(DATA IN THIS EXERCISE)
= = = =

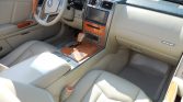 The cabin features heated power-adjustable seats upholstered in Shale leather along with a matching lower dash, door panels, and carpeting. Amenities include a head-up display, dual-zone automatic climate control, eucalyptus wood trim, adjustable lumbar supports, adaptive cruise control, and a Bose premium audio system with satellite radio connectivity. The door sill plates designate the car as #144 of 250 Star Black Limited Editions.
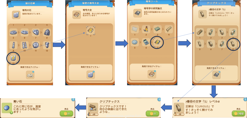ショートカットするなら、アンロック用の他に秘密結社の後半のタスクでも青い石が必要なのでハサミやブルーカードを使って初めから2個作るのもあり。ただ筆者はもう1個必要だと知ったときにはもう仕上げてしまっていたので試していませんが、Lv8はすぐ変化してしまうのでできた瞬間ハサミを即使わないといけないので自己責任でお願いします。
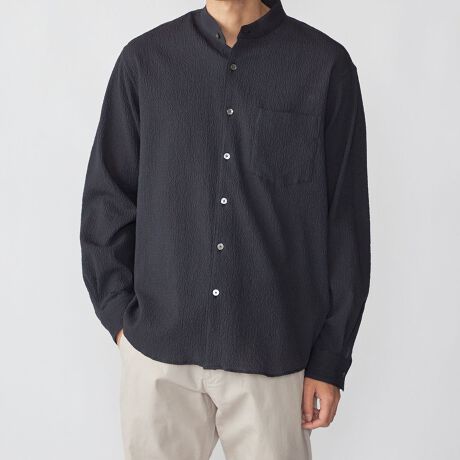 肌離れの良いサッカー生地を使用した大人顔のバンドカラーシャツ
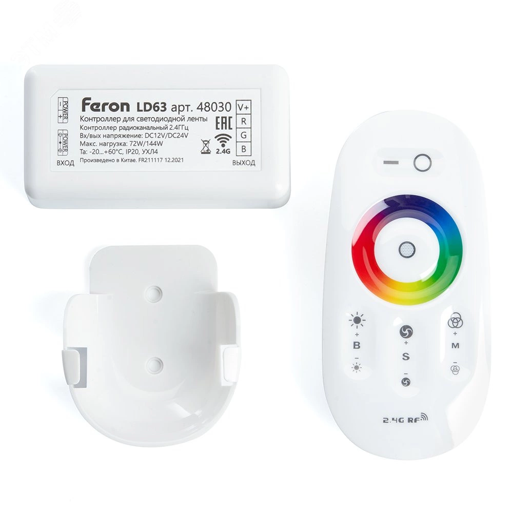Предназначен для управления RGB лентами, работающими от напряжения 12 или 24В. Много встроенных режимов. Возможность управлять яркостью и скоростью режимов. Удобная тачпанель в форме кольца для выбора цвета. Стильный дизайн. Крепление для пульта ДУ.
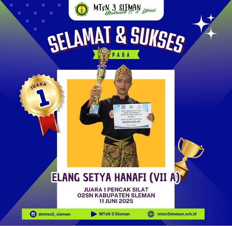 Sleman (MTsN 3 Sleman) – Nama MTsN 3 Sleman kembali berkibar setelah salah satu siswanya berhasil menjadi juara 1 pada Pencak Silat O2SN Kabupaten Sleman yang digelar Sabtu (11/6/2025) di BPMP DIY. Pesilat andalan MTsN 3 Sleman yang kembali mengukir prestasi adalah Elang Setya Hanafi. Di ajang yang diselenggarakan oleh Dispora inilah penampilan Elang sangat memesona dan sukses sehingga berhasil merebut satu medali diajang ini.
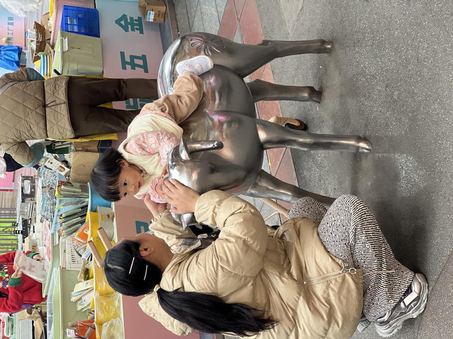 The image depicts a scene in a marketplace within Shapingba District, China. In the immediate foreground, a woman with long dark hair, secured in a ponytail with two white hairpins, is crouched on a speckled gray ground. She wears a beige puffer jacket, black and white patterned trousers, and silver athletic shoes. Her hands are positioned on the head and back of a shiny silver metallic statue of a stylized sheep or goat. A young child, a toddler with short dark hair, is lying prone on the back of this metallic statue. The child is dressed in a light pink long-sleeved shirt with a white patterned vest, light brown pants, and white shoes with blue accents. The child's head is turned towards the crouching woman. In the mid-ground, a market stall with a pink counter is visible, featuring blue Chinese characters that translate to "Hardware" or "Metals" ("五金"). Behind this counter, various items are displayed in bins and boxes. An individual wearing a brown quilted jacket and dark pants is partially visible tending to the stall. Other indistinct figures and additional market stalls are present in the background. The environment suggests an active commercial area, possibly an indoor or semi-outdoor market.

= = = =

(WHAT IS BEING ASKED) Exactly as they stand, the entries must be written out again, pictures excluded.

(COMPLETED TASK)
 The cabin features heated power-adjustable seats upholstered in Shale leather along with a matching lower dash, door panels, and carpeting. Amenities include a head-up display, dual-zone automatic climate control, eucalyptus wood trim, adjustable lumbar supports, adaptive cruise control, and a Bose premium audio system with satellite radio connectivity. The door sill plates designate the car as #144 of 250 Star Black Limited Editions.
ショートカットするなら、アンロック用の他に秘密結社の後半のタスクでも青い石が必要なのでハサミやブルーカードを使って初めから2個作るのもあり。ただ筆者はもう1個必要だと知ったときにはもう仕上げてしまっていたので試していませんが、Lv8はすぐ変化してしまうのでできた瞬間ハサミを即使わないといけないので自己責任でお願いします。
 肌離れの良いサッカー生地を使用した大人顔のバンドカラーシャツ
Предназначен для управления RGB лентами, работающими от напряжения 12 или 24В. Много встроенных режимов. Возможность управлять яркостью и скоростью режимов. Удобная тачпанель в форме кольца для выбора цвета. Стильный дизайн. Крепление для пульта ДУ.
 Sleman (MTsN 3 Sleman) – Nama MTsN 3 Sleman kembali berkibar setelah salah satu siswanya berhasil menjadi juara 1 pada Pencak Silat O2SN Kabupaten Sleman yang digelar Sabtu (11/6/2025) di BPMP DIY. Pesilat andalan MTsN 3 Sleman yang kembali mengukir prestasi adalah Elang Setya Hanafi. Di ajang yang diselenggarakan oleh Dispora inilah penampilan Elang sangat memesona dan sukses sehingga berhasil merebut satu medali diajang ini.
 The image depicts a scene in a marketplace within Shapingba District, China. In the immediate foreground, a woman with long dark hair, secured in a ponytail with two white hairpins, is crouched on a speckled gray ground. She wears a beige puffer jacket, black and white patterned trousers, and silver athletic shoes. Her hands are positioned on the head and back of a shiny silver metallic statue of a stylized sheep or goat. A young child, a toddler with short dark hair, is lying prone on the back of this metallic statue. The child is dressed in a light pink long-sleeved shirt with a white patterned vest, light brown pants, and white shoes with blue accents. The child's head is turned towards the crouching woman. In the mid-ground, a market stall with a pink counter is visible, featuring blue Chinese characters that translate to "Hardware" or "Metals" ("五金"). Behind this counter, various items are displayed in bins and boxes. An individual wearing a brown quilted jacket and dark pants is partially visible tending to the stall. Other indistinct figures and additional market stalls are present in the background. The environment suggests an active commercial area, possibly an indoor or semi-outdoor market.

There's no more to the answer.